There has been much interest in understanding the factors that control tree longevity, including those that limit growth in large trees and how trees are able to persist despite growth limitations. As with many problems in complex ecological systems, there is a paucity of tools that enable effective evaluation of the many factors that are likely acting simultaneously to inform system behavior. We present a novel application of multi-criteria optimization and Pareto optimality, coupled with a simulation model, to determine branch morphologies in the Pinacea that minimize the effect of growth limitations due to water stress, while simultaneously maximizing carbohydrate gain. The Pareto optimal frontier is the set of all mutually co-dominant solutions not dominated by any other solution. Two solutions are considered to be mutually co-dominant if performance with respect to one criterion is to the detriment of another criterion. This method enables one to explore the full range of tradeoffs among multiple criteria, and to evaluate the possibility of multiple optimal solutions.

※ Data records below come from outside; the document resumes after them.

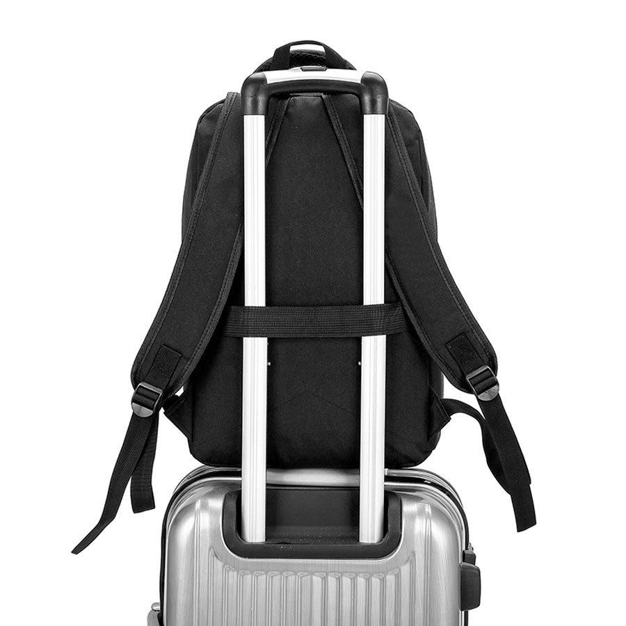 Специальная накладка для чемодана на задней стенке делает этот рюкзак незаменимым спутником для путешествий.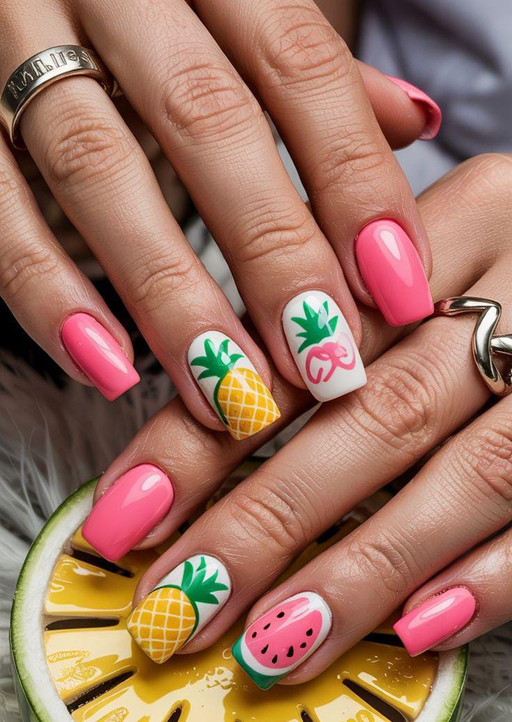 This design features bright pink nails mixed with playful pineapple and watermelon white accent nails. The bold colors and glossy finish give it a fun, tropical summer vibe that feels fresh and eye-catching.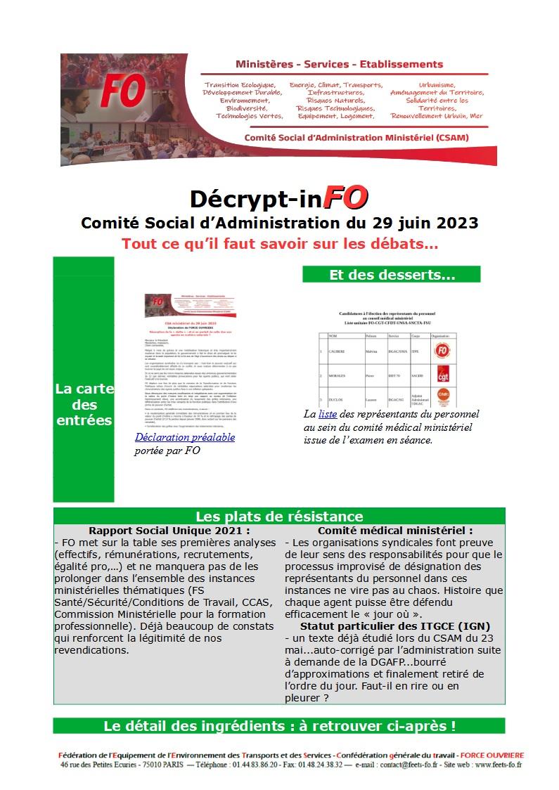 Retrouvez ci-après le décrypt’inFO issu des débat du Comité Social d’Administration Ministériel du 29 juin 2023.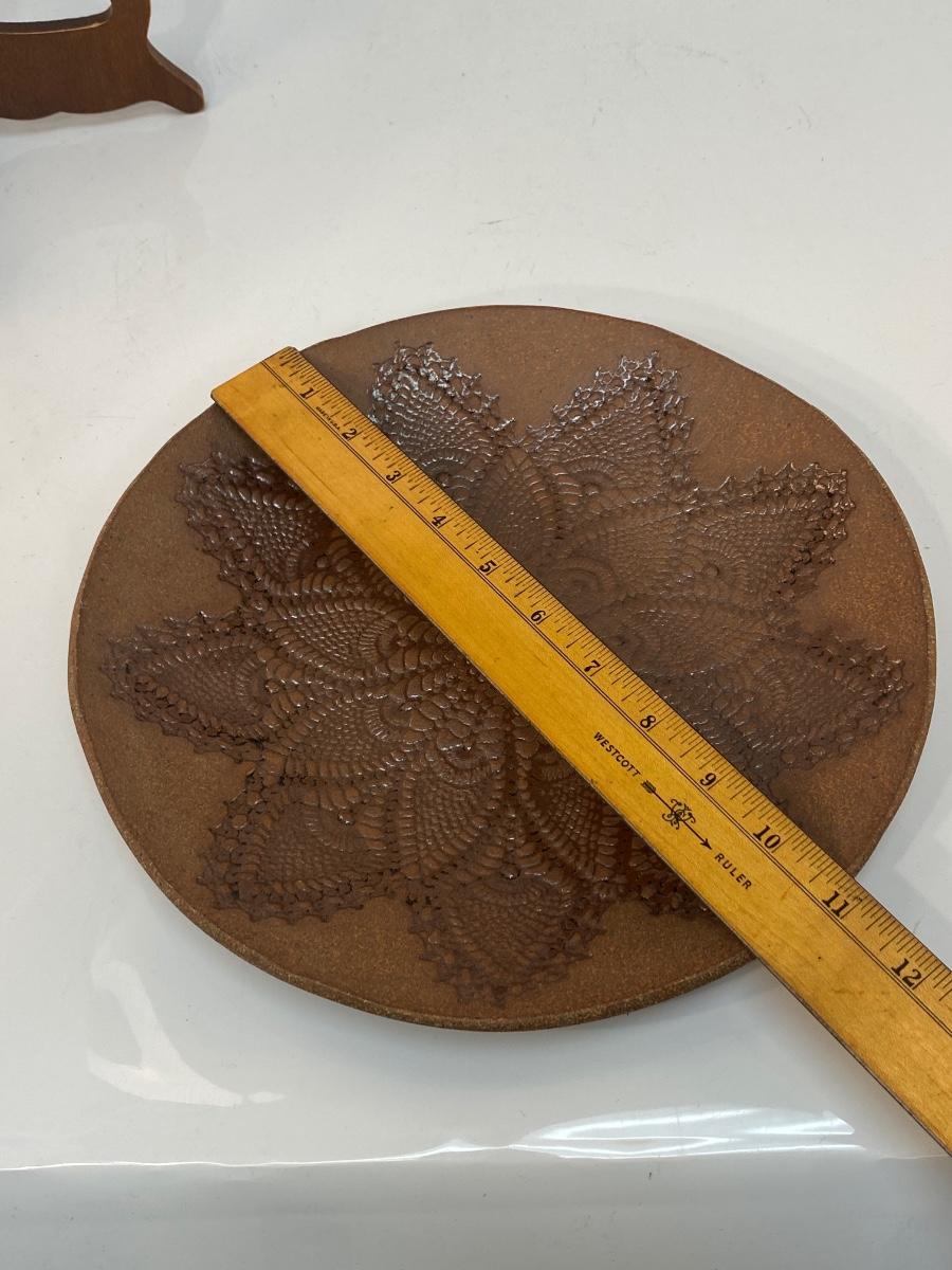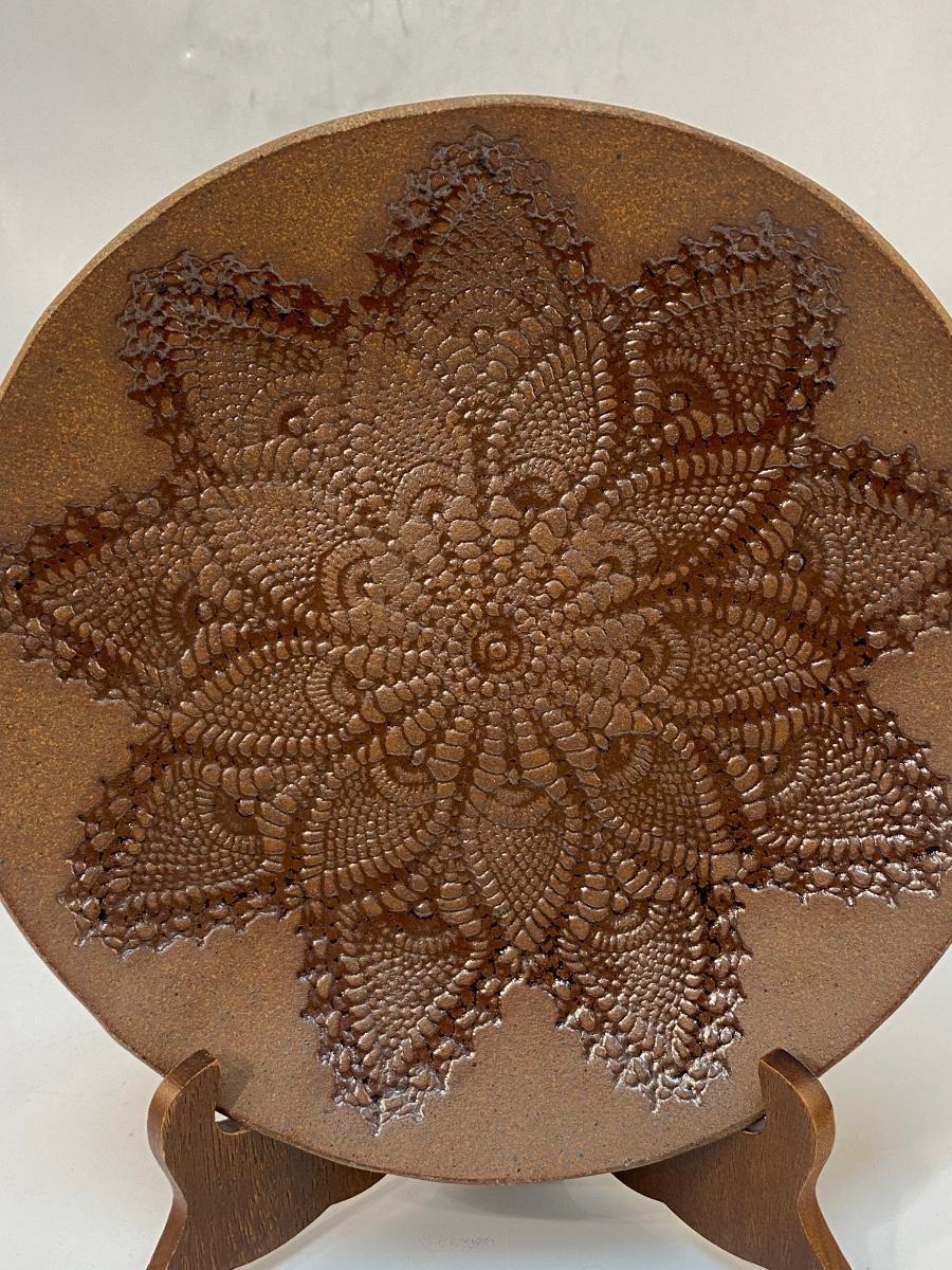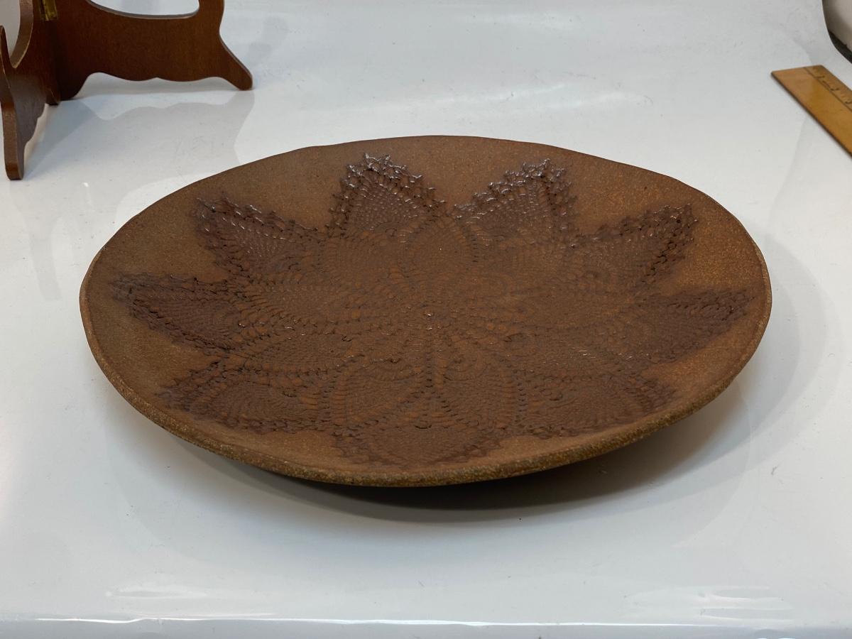 Vintage Retro Mandala Flower Stamped Stoneware Brown Clay Pottery Plate Medallion Console Dish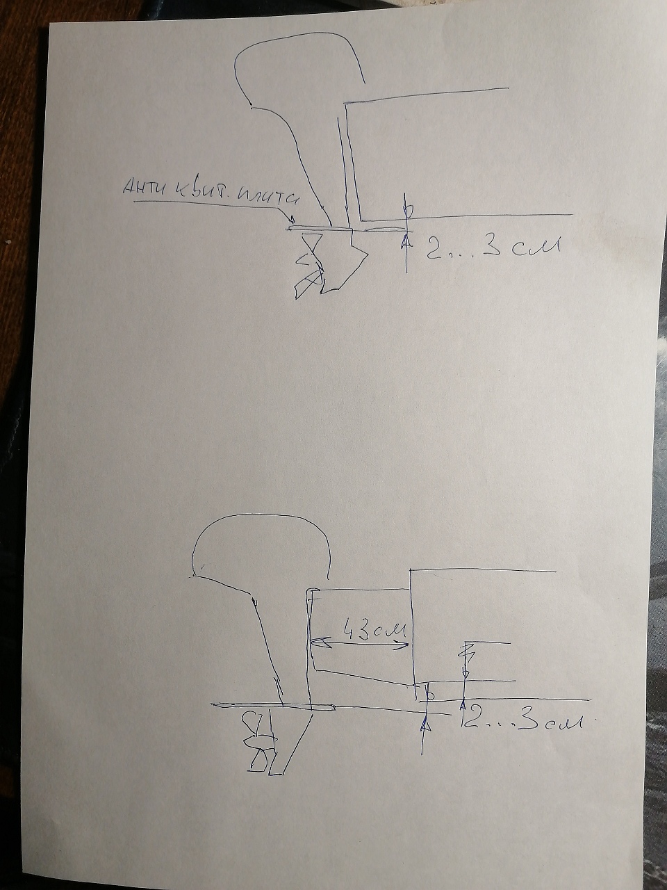 Казанка 5М установлен выносной транец, плита прим. на 3 см ниже днища, но это при стандартном транце, а как на выносном, мне тут сказали что должна быть выше, см. на 5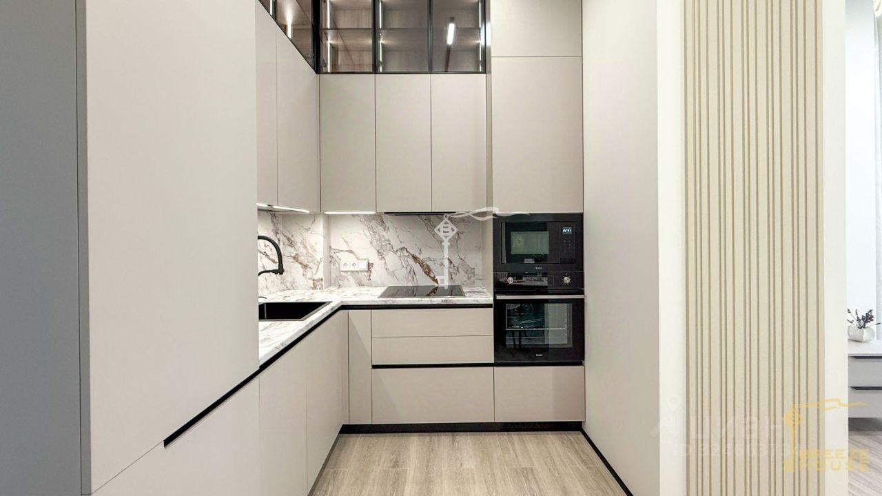 Квартира на финальной стадии дизайнерского ремонта — свежая отделка в светлых и уютных тонах уже готова для комфортного проживания: скрытые двери, изящная отделка, продуманное освещение.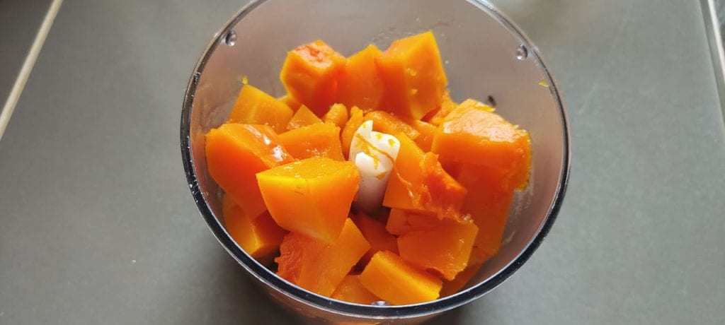 J’ai opté pour une cuisson à la vapeur, après quoi j’ai mixé la chair.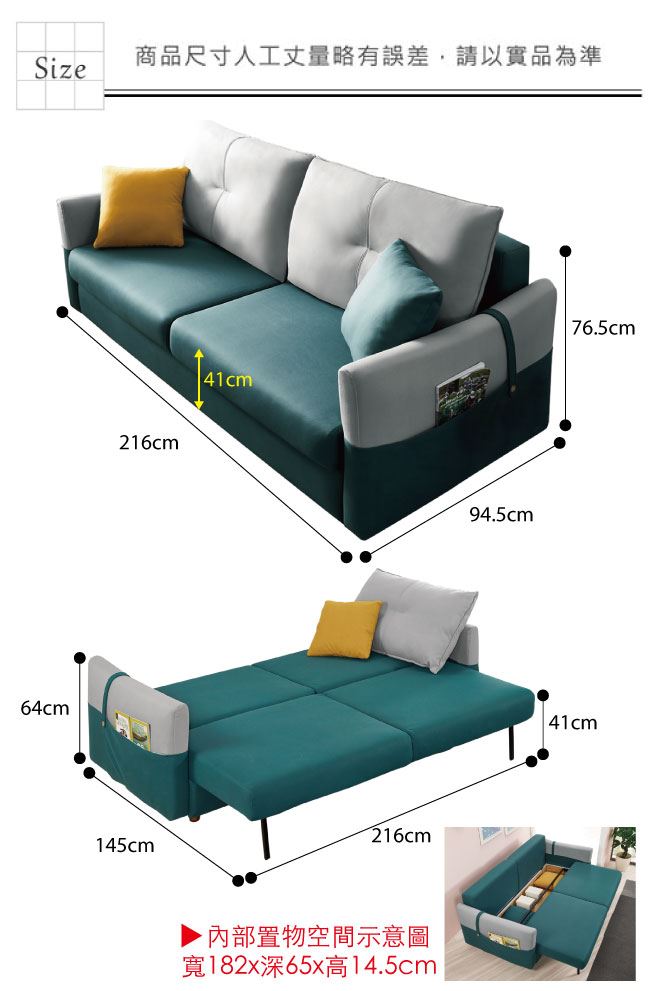 材質 | ◆產品名稱: 【綠家居】諾西韋 拉合式可拆洗亞麻布沙發椅/沙發床 產品尺寸: 沙發尺寸:(寬)216x(深)94.5x(高)76.5/公分 沙發床尺寸:(寬)216x(深)145x(坐墊高)41/公分 材質:桐木實木骨架+不銹鋼五金結構+防鏽五金腳座 布料:可拆洗亞麻布 坐墊:三層式高密度泡棉+絲棉

The model for branch development that we use is a functional-structural model (FSM) that simulates the process of delayed adaptive reiteration (DAR), whereby new foliage grows from suppressed buds within the established branch structure.
Results/Conclusions
We find two distinct morphologies in the Pareto optimal solution set, and these resemble Pseudotsuga menziesii and Abies grandis, respectively. These two morphologies are distinguished by their performance with respect to minimizing the mean path length to terminal foliage (Pseudotsuga), and minimizing the mean number of junction constrictions to terminal foliage (Abies). Within these two groups we find trade-offs among the criteria for foliage display and the criteria for hydraulic functioning, which shows that an appropriate framework for considering tree longevity is how trees compensate, simultaneously, for multiple stresses. We use the optimization results to propose a theoretical synthesis for how Pseudotsuga morphology may compensate for size-related limitations. 1) The primary constraint on branch growth for Pseudotsuga is the mean path length; 2) As has been previously noted, DAR is an opportunistic architecture; 3) DAR is limited by the number of successive reiterations that can form; and 4) Pseudotsuga morphology is not the only solution. Our results show that multi-criteria optimization with Pareto optimality has promise to advance the use of models in theory development.